**DATA FOR ANALYSIS**
▬▬▬▬▬▬▬▬▬▬

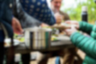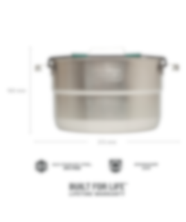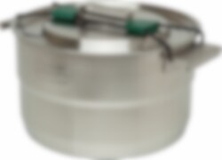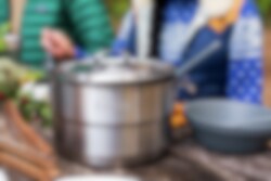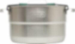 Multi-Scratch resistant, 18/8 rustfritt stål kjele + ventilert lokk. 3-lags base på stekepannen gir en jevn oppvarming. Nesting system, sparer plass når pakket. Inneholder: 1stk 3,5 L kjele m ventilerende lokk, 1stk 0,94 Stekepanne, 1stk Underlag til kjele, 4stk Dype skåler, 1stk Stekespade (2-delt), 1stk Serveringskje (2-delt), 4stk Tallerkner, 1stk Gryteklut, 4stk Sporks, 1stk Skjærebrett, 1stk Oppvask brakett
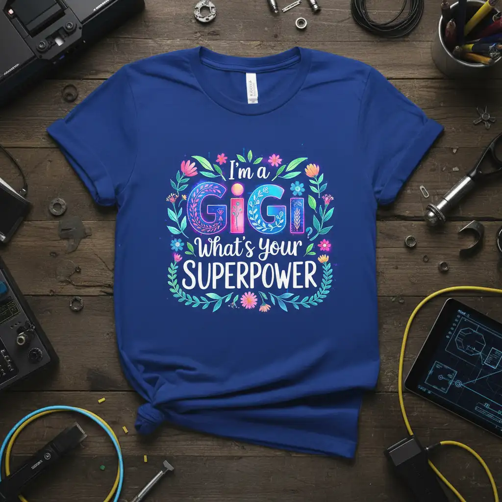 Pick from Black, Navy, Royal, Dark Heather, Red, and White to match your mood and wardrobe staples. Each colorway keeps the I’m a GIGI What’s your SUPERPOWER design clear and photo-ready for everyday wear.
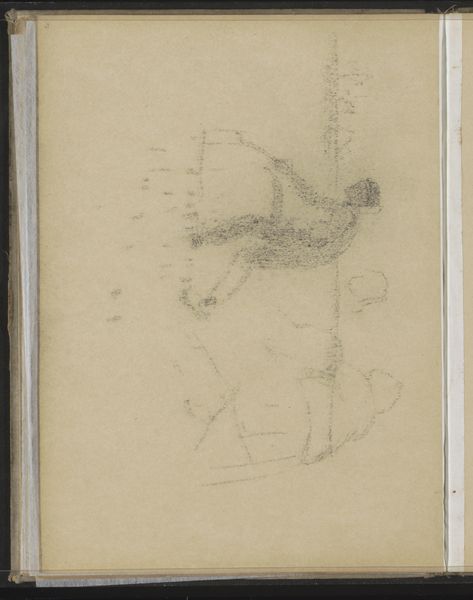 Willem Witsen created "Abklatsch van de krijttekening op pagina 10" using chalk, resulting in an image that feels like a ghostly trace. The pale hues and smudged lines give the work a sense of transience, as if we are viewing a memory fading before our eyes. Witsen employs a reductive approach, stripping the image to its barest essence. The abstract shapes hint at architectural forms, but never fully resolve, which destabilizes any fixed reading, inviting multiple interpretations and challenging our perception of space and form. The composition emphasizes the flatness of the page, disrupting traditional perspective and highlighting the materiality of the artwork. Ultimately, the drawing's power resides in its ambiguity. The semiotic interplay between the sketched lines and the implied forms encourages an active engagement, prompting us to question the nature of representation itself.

▬▬▬▬▬▬▬▬▬▬

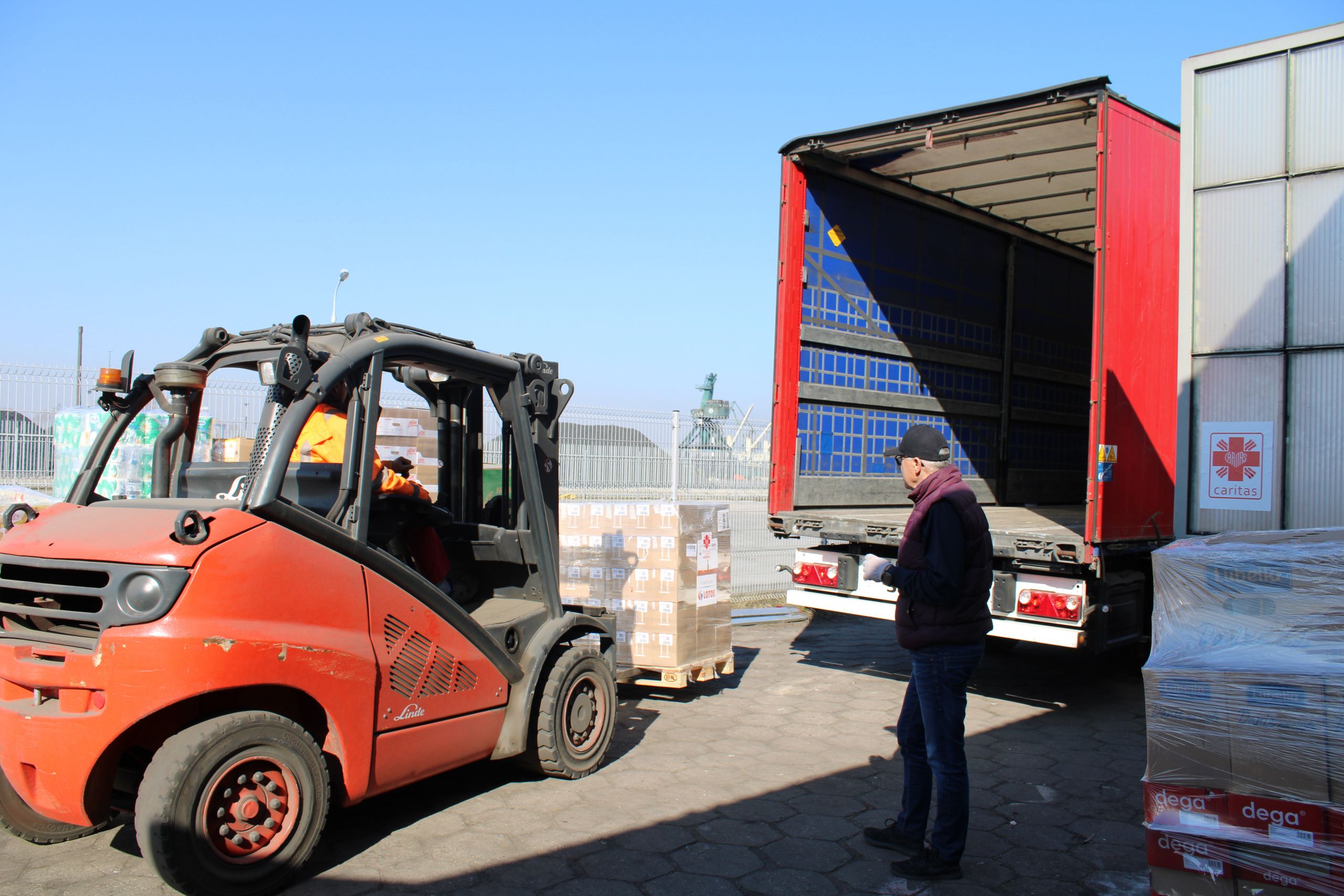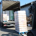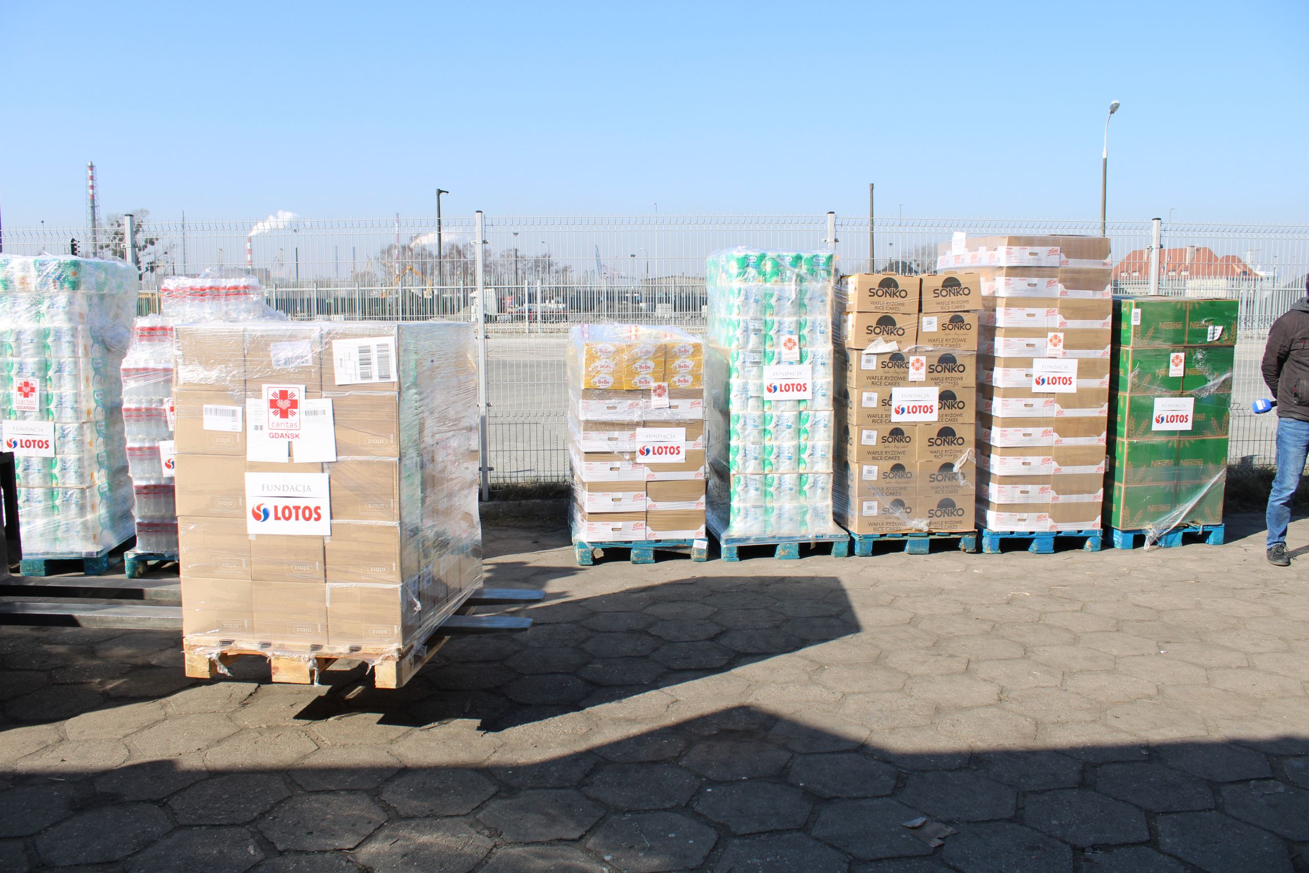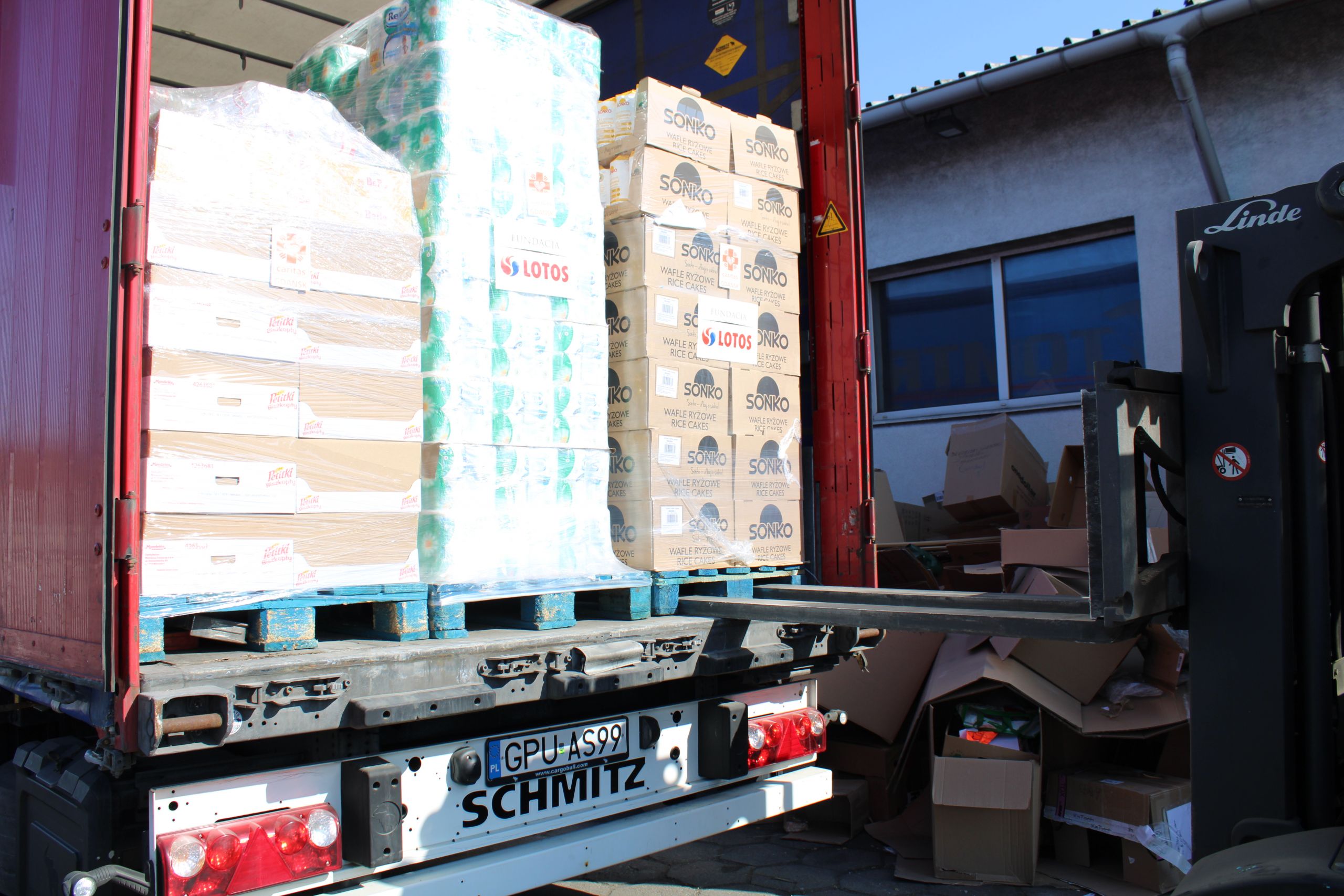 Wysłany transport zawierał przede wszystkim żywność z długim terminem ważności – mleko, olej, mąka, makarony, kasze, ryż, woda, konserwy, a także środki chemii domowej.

▬▬▬▬▬▬▬▬▬▬

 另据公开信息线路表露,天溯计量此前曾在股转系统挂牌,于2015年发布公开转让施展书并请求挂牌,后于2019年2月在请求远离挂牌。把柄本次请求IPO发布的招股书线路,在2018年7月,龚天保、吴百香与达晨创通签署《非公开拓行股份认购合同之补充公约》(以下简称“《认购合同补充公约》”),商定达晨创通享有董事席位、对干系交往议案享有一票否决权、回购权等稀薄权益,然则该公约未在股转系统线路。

▬▬▬▬▬▬▬▬▬▬

**REQUIREMENT**
Using the data above, which lines fall from the one with "Multi-Scratch resistant, 18/8" through the one with "Willem Witsen created"? Repeat them exactly, ends included, minus any pictures.

**ANSWER SPACE**
 Multi-Scratch resistant, 18/8 rustfritt stål kjele + ventilert lokk. 3-lags base på stekepannen gir en jevn oppvarming. Nesting system, sparer plass når pakket. Inneholder: 1stk 3,5 L kjele m ventilerende lokk, 1stk 0,94 Stekepanne, 1stk Underlag til kjele, 4stk Dype skåler, 1stk Stekespade (2-delt), 1stk Serveringskje (2-delt), 4stk Tallerkner, 1stk Gryteklut, 4stk Sporks, 1stk Skjærebrett, 1stk Oppvask brakett
 Pick from Black, Navy, Royal, Dark Heather, Red, and White to match your mood and wardrobe staples. Each colorway keeps the I’m a GIGI What’s your SUPERPOWER design clear and photo-ready for everyday wear.
 Willem Witsen created "Abklatsch van de krijttekening op pagina 10" using chalk, resulting in an image that feels like a ghostly trace. The pale hues and smudged lines give the work a sense of transience, as if we are viewing a memory fading before our eyes. Witsen employs a reductive approach, stripping the image to its barest essence. The abstract shapes hint at architectural forms, but never fully resolve, which destabilizes any fixed reading, inviting multiple interpretations and challenging our perception of space and form. The composition emphasizes the flatness of the page, disrupting traditional perspective and highlighting the materiality of the artwork. Ultimately, the drawing's power resides in its ambiguity. The semiotic interplay between the sketched lines and the implied forms encourages an active engagement, prompting us to question the nature of representation itself.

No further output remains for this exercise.